# Distribution

`X3m.System` is built for clusters. The same `X3m.System.Dispatcher.dispatch/2` call
works whether the service runs on the local node or a remote one — discovery and the
remote call are handled for you. This guide covers how nodes find each other's
services, how a provider is chosen, and how to forward work to a specific node.

## How discovery works

When a router calls `register_services/0`, its **public** services are announced to the
other connected nodes, and nodes exchange their service maps as they join and leave the
cluster. The dispatcher asks this registry which nodes offer `message.service_name`:

- a **local** provider is invoked directly in a supervised task;
- a **remote** provider is invoked over `:rpc`, and the provider sends the reply
  straight back to the caller's process.

If no node offers the service, the response is `{:service_unavailable, service_name}`.

## Public vs private services

In a router, choose how widely a service is advertised:

```elixir
defmodule MyApp.Router do
  use X3m.System.Router

  service :open_account, MyApp.Accounts.MessageHandler    # public: announced cluster-wide
  servicep :rebuild_projection, MyApp.Projections          # private: local node only

  def authorize(_), do: :ok
end
```

Public services (`service`) participate in cluster discovery, so any node can dispatch
to them. Private services (`servicep`) are only callable on the node that registered
them and are never advertised to peers — useful for node-local maintenance work.

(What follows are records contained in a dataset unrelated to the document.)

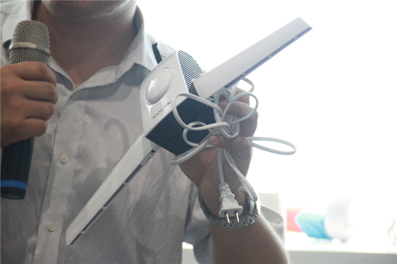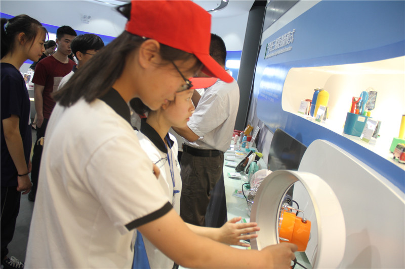 讲解人员带领志愿者参观了园内各个创新创业项目,包括无人机、3D打印技术、母婴用品、日常生活用品、能源汽车等。看着一个个与生活息息相关却不常见的新型产品,像恒温易冲奶瓶、智能冲奶机、家庭教育机器人、无扇叶电风扇、智能感应灯、家用制氧机、智能晒衣架、防水耳机等,同学们顿感新奇无比,一个个争先恐后上前观摩、尝试,纷纷惊叹于人类的智慧。
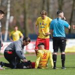 - Karol Barański mimo pomocy masażysty Marcina Góreckiego nie był w stanie dokończyć tego meczu Fot. fotoMiD
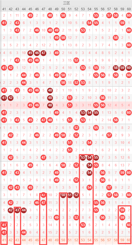三区:最近三区10期出号情况为:5 7 2 5 7 5 5 4 3 2,总出号情况为43个,平均出号4.3个,本期三区号码走势推荐:41 43 47 50 53 54 59 60,重点关注:43 47 50 54 59 60。
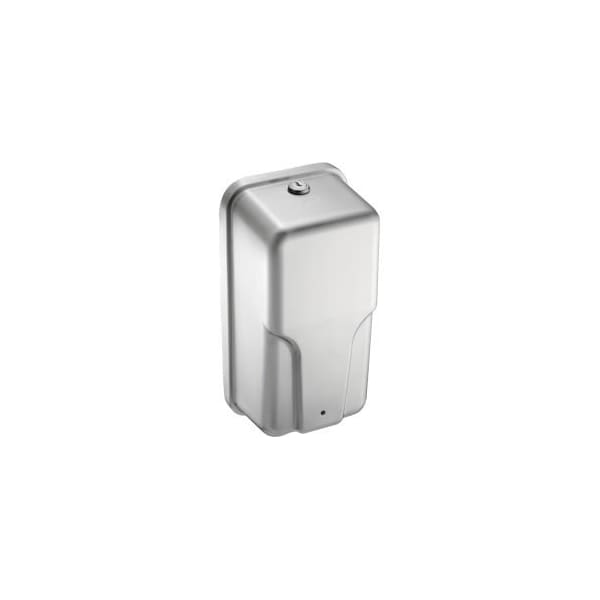 ROVAL AUTOMATIC SOAP DISPENSER ROVAL AUTOMATIC SOAP DISPENSER IS A HANDS-FREE, BATTERY-OPERATED SOAP DISPENSER. DISPENSING CYCLES ADJUSTABLE WITH TAMPER PROOF MAGNETIC KEY. SEAMLESS DRAWN TYPE 304 STAINLESS STEEL COVER. TRANSLUCENT REMOVABLE INTERNAL TANK FOR EASY-TO-VIEW SOAP LEVEL. LED INDICATES ADJUSTMENT AND OPERATION. CAPACITY: 33-4/5 OZ. (1000 ML). DIMENSIONS: 5-1/2"W X 4"D X 10-7/8"H. POWERED BY 6 AA-SIZE BATTERIES (NOT INCLUDED).
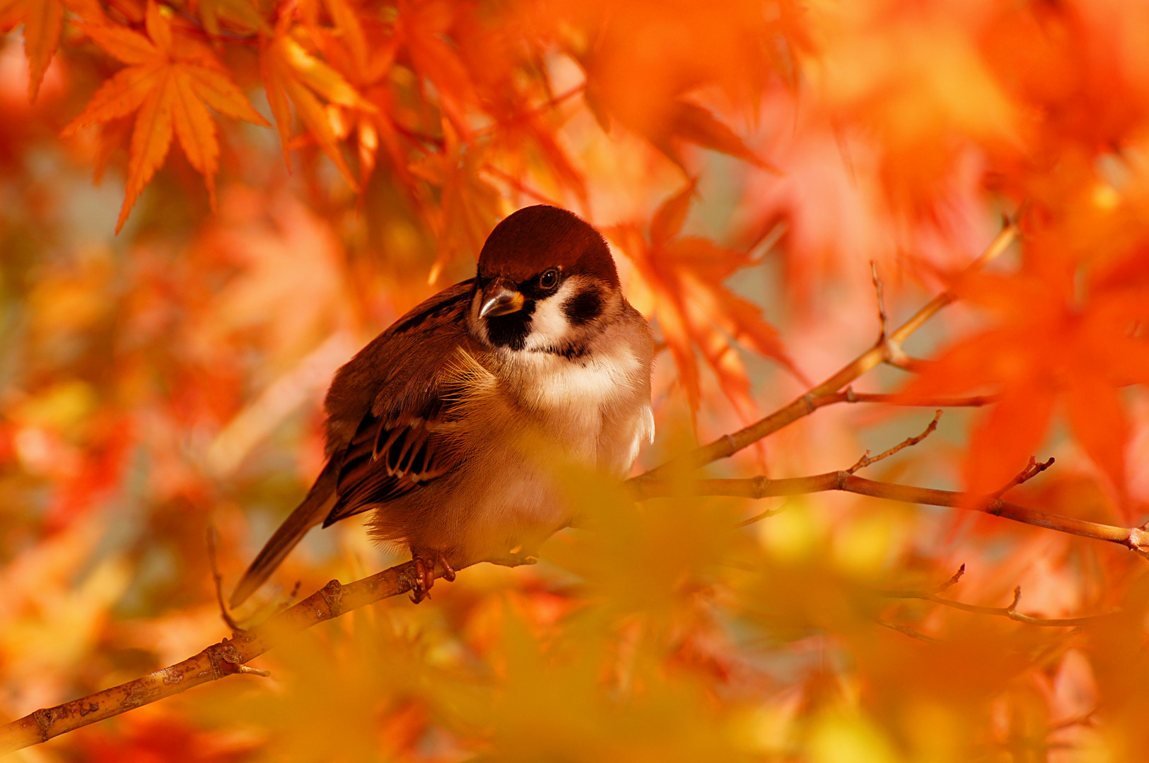 今年生まれたくちばしの黄色いスズメちゃん、初めての紅葉です。 検索用 ”雀” #スズメ#
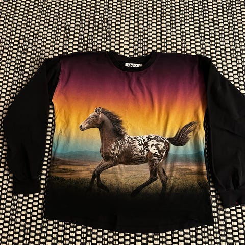 Pitkähihainen Molon paita 152 cm, sanoisin että vähän pienempi koko. Hyvä kunto. Perhosen siivet kuosi.
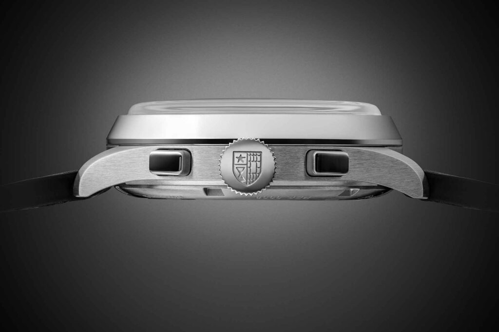 The new reissue model measures 36mm in diameter and 11.9mm thick, including a sapphire caseback, which keeps it in “vintage” territory. In a market where heritage chronographs routinely swell past 40mm, I appreciate the restraint. The 316L stainless steel case retains the steep bezel profile and strong vertical transitions of the original, while the double-domed sapphire crystal gives the dial plenty of visual presence without adding unnecessary bulk. With 100 meters of water resistance, it also feels more wearable day to day than many true vintage pieces.
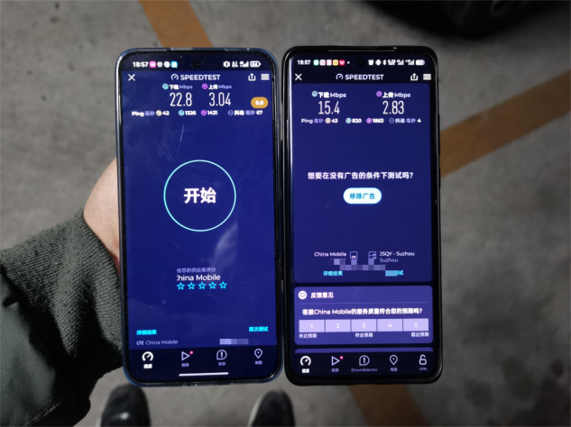 整体体验下来,感觉荣耀WIN的拍照确实不错,,对于一款电竞手机来说,实属难得。 七,通信 荣耀自研射频增强芯片C1+,已经在多款荣耀手机上搭载了,在地库、电梯等弱信号场景下,荣耀手机的信号明显会更好,下面是两部手机在同一个位置、同时用中国移动SIM卡做的网速测试,左侧的荣耀WIN网速明显更快。 |

## Choosing the node: forwarding to where the aggregate lives

When several nodes can host the same aggregate, you usually want a command to run on the
node where that aggregate is already in memory, rather than spinning it up elsewhere.
The router's `choose_node/1` callback decides this. It defaults to `:local`; override it
to return the `node()` that should handle the message:

```elixir
defmodule MyApp.Router do
  use X3m.System.Router

  service :deposit, MyApp.Accounts.MessageHandler

  def authorize(_), do: :ok

  # Look the aggregate up in a distributed registry (e.g. Horde) and run the command
  # on the node that currently owns it.
  def choose_node(%X3m.System.Message{raw_request: %{"account_id" => id}}) do
    case Horde.Registry.lookup(MyApp.AggregateRegistry, id) do
      [{_pid, node}] -> node
      _ -> :local
    end
  end

  def choose_node(_message), do: :local
end
```

When `choose_node/1` returns a remote node, the router forwards the call there; that
node runs the handler and replies **directly** to the original caller — the response
does not hop back through the node that received the request.

```mermaid
sequenceDiagram
  participant Caller
  participant R1 as Router (receiving node)
  participant R2 as Router (owner node)
  participant H as Service handler
  Caller->>R1: dispatch(message)
  R1->>R1: choose_node/1 -> owner node
  R1->>R2: _invoke via rpc (forward)
  R2->>H: invoke service function
  H-->>R2: {:reply, message}
  R2-->>Caller: send to message.reply_to (directly, not via R1)
```

## Asking for another node

Sometimes a node accepts a call but then realises it can't serve it (for example, a
quorum isn't met). It can tell the dispatcher to try a different provider by responding
with `{:error, {:try_another_node, reason}}`:

```elixir
def deposit(%X3m.System.Message{} = msg) do
  if quorum_met?() do
    {:reply, handle(msg)}
  else
    {:reply, X3m.System.Message.error(msg, {:try_another_node, :quorum_not_met})}
  end
end
```

The dispatcher then tries the next node offering the service. If every provider asks to
try another node, the response becomes `{:error, {:no_nodes_available, nodes}}`, where
`nodes` lists each node and the reason it gave.

## Logging across nodes

By default a router ensures that log output produced while handling a *remote* call
stays on the node doing the work, rather than leaking into the caller's stdout. When
driving services from an `iex` session it can be handy to see that output locally —
pass `ensure_local_logging?: false`:

```elixir
defmodule MyApp.Router do
  use X3m.System.Router, ensure_local_logging?: false
  # ...
end
```

## Calling one service from another

Services frequently call other services. Build the child message with
`X3m.System.Message.new_caused_by/3` so correlation and causation ids are preserved
across the hop, then dispatch as usual:

```elixir
:get_owner_details
|> X3m.System.Message.new_caused_by(msg, raw_request: %{"owner_id" => owner_id})
|> X3m.System.Dispatcher.dispatch()
```

This works the same whether the target service is local or on another node.